### Exercise
From the entries that follow, copy exactly the lines beginning at the line holding "クロスボーダー高密度500m" and continuing through the line holding "7月11日,青州市教师赵世宁".

### Data listing
++++

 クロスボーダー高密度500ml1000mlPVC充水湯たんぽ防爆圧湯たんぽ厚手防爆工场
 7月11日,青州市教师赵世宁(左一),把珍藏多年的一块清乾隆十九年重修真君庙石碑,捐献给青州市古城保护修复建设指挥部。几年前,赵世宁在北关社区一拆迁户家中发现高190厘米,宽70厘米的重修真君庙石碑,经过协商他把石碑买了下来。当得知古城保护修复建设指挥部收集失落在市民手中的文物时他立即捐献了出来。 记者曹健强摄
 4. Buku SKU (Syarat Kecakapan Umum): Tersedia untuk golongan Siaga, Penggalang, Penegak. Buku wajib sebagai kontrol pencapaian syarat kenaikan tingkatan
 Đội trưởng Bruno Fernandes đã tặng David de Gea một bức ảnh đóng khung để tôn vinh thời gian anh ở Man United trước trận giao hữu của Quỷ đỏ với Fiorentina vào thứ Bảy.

++++

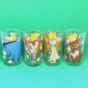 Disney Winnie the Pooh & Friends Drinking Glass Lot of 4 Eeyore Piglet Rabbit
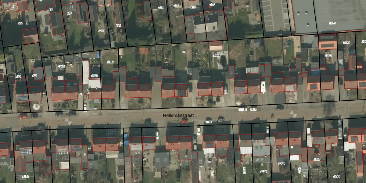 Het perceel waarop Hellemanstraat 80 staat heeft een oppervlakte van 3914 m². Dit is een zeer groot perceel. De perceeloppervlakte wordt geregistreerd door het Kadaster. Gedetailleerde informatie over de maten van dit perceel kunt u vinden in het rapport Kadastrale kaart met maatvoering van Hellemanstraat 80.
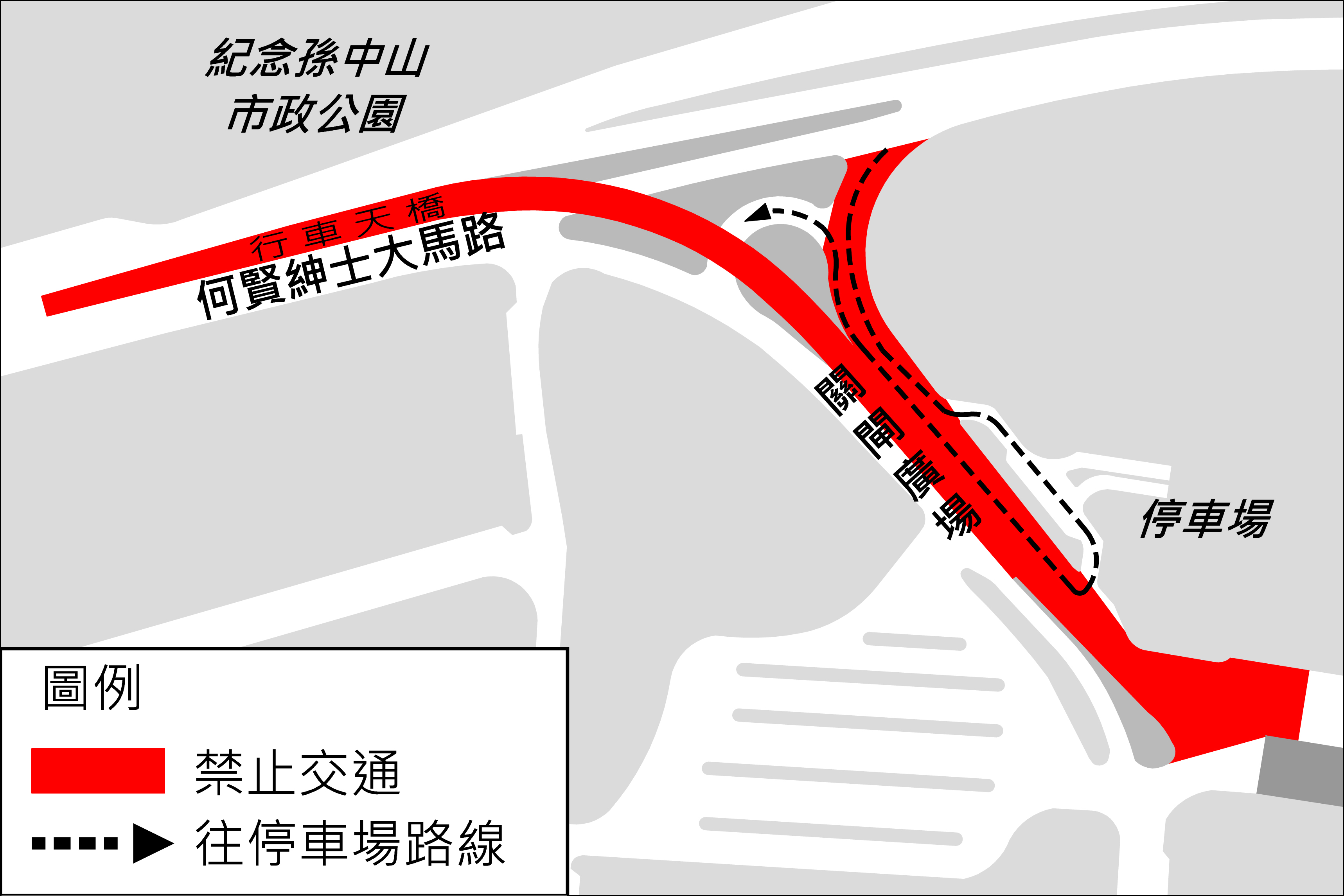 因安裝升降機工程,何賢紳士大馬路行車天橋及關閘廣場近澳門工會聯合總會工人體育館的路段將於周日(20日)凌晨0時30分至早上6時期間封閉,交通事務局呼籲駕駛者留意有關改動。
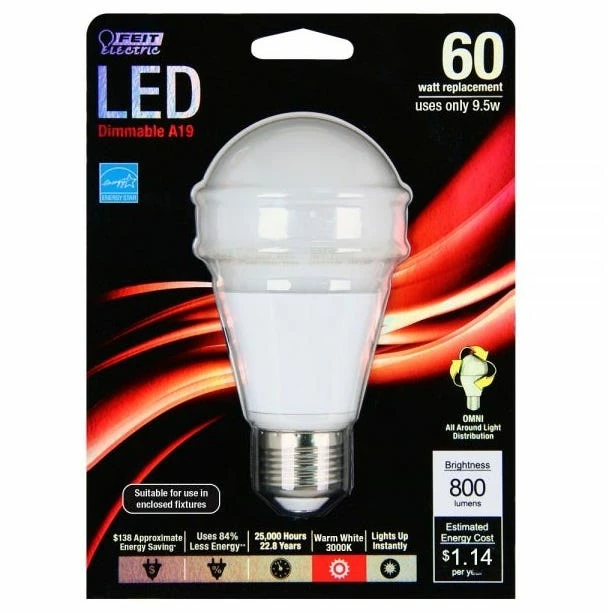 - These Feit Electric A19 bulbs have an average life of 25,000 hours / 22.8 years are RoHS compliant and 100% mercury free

++++

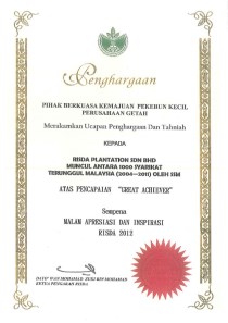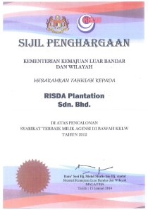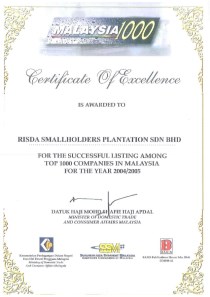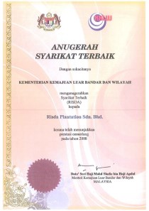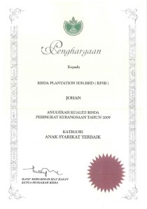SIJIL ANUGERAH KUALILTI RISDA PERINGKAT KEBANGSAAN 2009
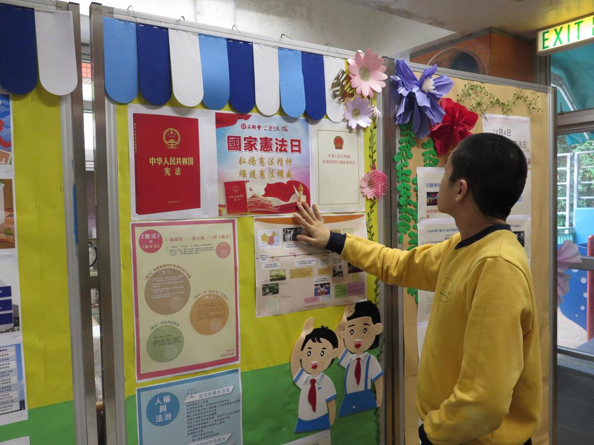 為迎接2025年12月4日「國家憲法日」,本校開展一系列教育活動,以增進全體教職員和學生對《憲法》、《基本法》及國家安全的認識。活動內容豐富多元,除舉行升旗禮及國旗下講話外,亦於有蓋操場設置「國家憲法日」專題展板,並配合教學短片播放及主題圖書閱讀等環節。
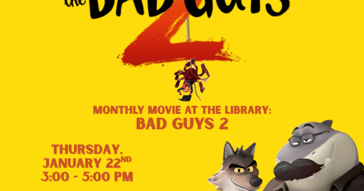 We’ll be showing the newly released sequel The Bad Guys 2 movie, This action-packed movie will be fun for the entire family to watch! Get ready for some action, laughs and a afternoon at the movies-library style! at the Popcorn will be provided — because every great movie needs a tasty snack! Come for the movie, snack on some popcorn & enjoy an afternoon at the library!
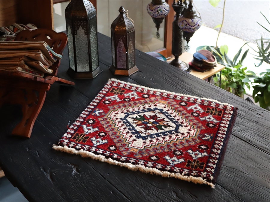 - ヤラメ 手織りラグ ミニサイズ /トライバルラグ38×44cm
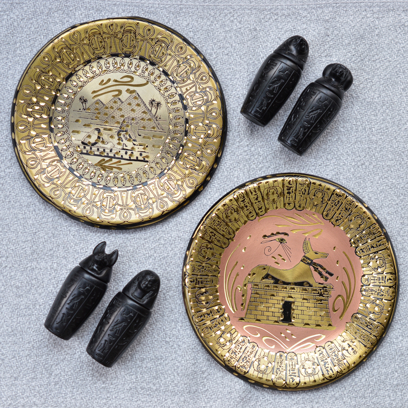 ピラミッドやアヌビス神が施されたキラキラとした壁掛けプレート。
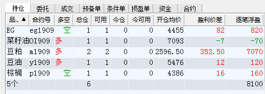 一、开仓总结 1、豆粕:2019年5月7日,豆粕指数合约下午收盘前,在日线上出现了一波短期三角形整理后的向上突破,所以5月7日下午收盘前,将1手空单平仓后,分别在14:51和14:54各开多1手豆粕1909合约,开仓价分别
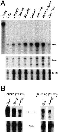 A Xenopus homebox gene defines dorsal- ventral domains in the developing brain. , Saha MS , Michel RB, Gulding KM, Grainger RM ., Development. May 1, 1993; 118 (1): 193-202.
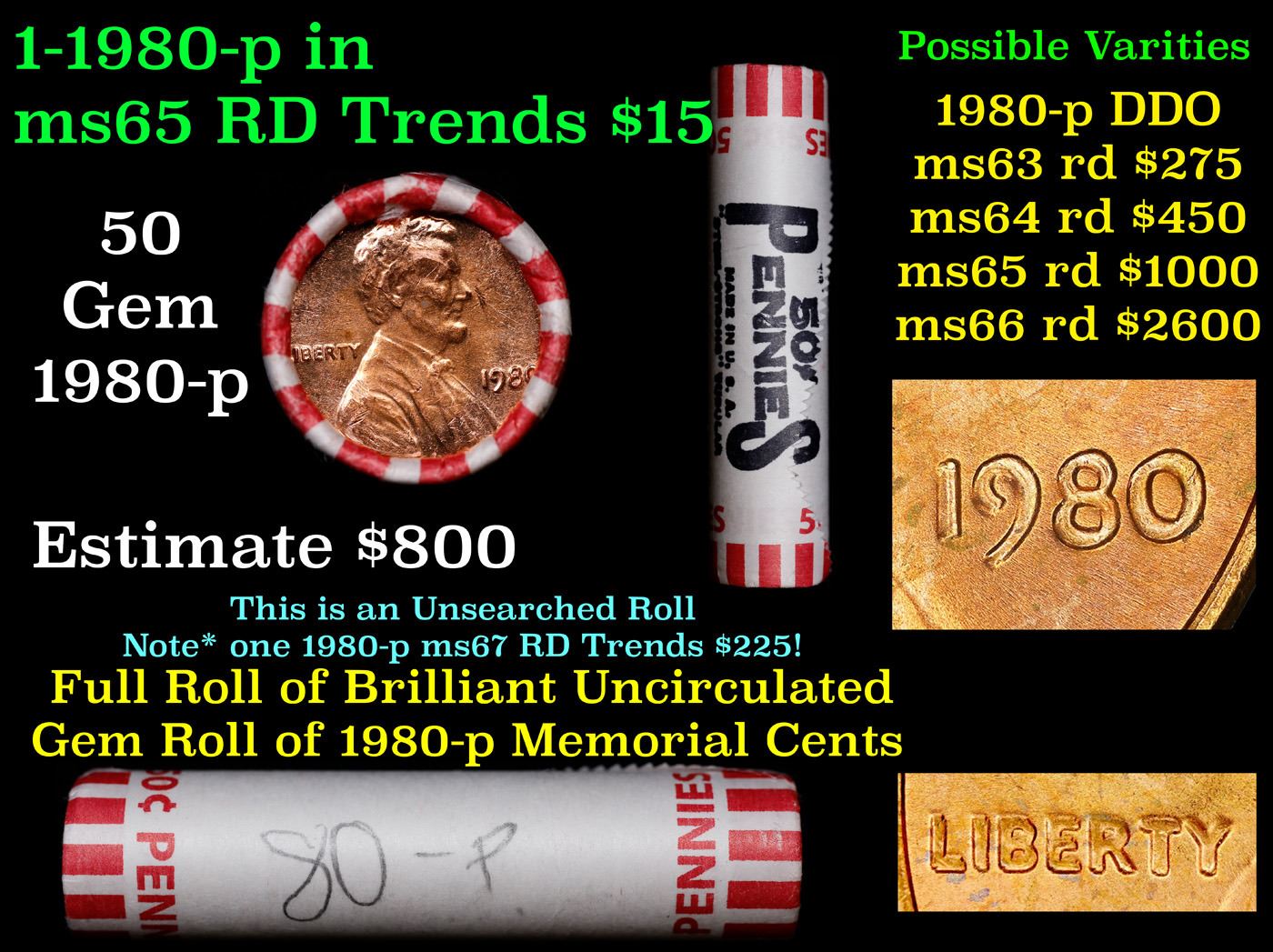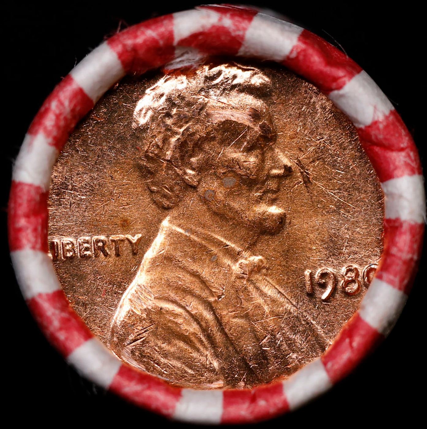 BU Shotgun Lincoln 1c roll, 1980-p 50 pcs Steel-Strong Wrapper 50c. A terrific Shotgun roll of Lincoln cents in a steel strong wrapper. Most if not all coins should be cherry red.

++++

### Response to this task
 クロスボーダー高密度500ml1000mlPVC充水湯たんぽ防爆圧湯たんぽ厚手防爆工场
 7月11日,青州市教师赵世宁(左一),把珍藏多年的一块清乾隆十九年重修真君庙石碑,捐献给青州市古城保护修复建设指挥部。几年前,赵世宁在北关社区一拆迁户家中发现高190厘米,宽70厘米的重修真君庙石碑,经过协商他把石碑买了下来。当得知古城保护修复建设指挥部收集失落在市民手中的文物时他立即捐献了出来。 记者曹健强摄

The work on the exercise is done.